Wednesday, June 9, 2010

Coeur d'Alene Marathon - 5/30/10

It was one week shy of three months since my last marathon. Hard to believe it had been that long already, but there I was ready for marathon #2. Whoever said the second marathon was easier than the first was clearly full of shit. Sure, you've learned a thing or two from your first and you now know what it's like to run the distance, but in reality, running 26.2 miles is brutal no matter how you slice it.

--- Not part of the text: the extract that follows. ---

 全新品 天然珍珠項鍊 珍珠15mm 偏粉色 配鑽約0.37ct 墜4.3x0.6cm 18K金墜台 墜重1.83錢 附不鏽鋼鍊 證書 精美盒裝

Perhaps attempting another marathon after only three months was ambitious, but I needed goal. After Napa I was left with a void in my life in more ways than one. You train for four months, you run the race, and you're done. What was I supposed to do now that it was all over. I needed someplace to divert my attention and the answer was fairly clear to me that this was it. It was something I'd been considering even before I did Napa, so it seemed a natural path to take. I was prepared to head to Coeur d'Alene, ID alone, but though that my sister might be interested in joining me to run the half. Sure enough she was and we had a destination race!

We both flew in Saturday morning to Spokane, WA, rented a car, and took the short 40 mile drive to Coeur d'Alene, ID in a bright yellow Chevy Aevo. We named the car "Old Yellow". It was equipped with tinted windows that were practically solid black and the car in general looked like it belonged in downtown San Jose. Old Yellow was the butt of many jokes that weekend.

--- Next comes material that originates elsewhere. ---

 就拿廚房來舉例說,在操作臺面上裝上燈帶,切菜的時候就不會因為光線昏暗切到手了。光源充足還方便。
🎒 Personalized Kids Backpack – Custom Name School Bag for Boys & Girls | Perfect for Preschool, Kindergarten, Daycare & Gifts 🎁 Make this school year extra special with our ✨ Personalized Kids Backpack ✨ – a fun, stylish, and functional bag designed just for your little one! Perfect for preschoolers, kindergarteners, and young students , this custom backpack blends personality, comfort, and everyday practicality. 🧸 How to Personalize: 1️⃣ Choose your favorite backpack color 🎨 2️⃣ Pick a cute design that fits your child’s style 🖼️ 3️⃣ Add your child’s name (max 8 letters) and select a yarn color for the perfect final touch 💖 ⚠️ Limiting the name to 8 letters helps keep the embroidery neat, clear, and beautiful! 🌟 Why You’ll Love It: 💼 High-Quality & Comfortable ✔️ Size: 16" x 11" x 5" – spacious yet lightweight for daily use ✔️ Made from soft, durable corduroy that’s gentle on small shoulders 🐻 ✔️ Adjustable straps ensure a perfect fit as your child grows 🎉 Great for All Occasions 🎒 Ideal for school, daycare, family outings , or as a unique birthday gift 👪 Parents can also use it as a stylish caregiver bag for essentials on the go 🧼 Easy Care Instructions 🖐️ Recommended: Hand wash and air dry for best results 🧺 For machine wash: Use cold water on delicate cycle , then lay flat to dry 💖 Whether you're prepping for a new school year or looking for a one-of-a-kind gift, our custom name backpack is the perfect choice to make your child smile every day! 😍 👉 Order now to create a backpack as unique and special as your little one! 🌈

We were staying at the Holiday Inn Express right near the start of the race in an area called Riverstone. After a little confusion, we found our way to the hotel. Apparently Post Falls, the neighboring town to Coeur d'Alene, has the same address as the Holiday Inn we were staying at. Once we realized we were in Post Falls and not Coeur d'Alene, we breathed a sigh of relief. Post Falls was very Spokane-like, basically not somewhere we were going to be excited about staying. As we pulled into the real Holiday Inn we were thrilled. It was right in Coeur d'Alene, and it didn't look like your typical Holiday Inn. It was adorable, all wood, with a big sign that read "Welcome runners and race fans". It got even better as we checked in and we were told about their 24 hour hot tub, hot breakfast every morning, and warm cookies at 7p every night. This was going to be great.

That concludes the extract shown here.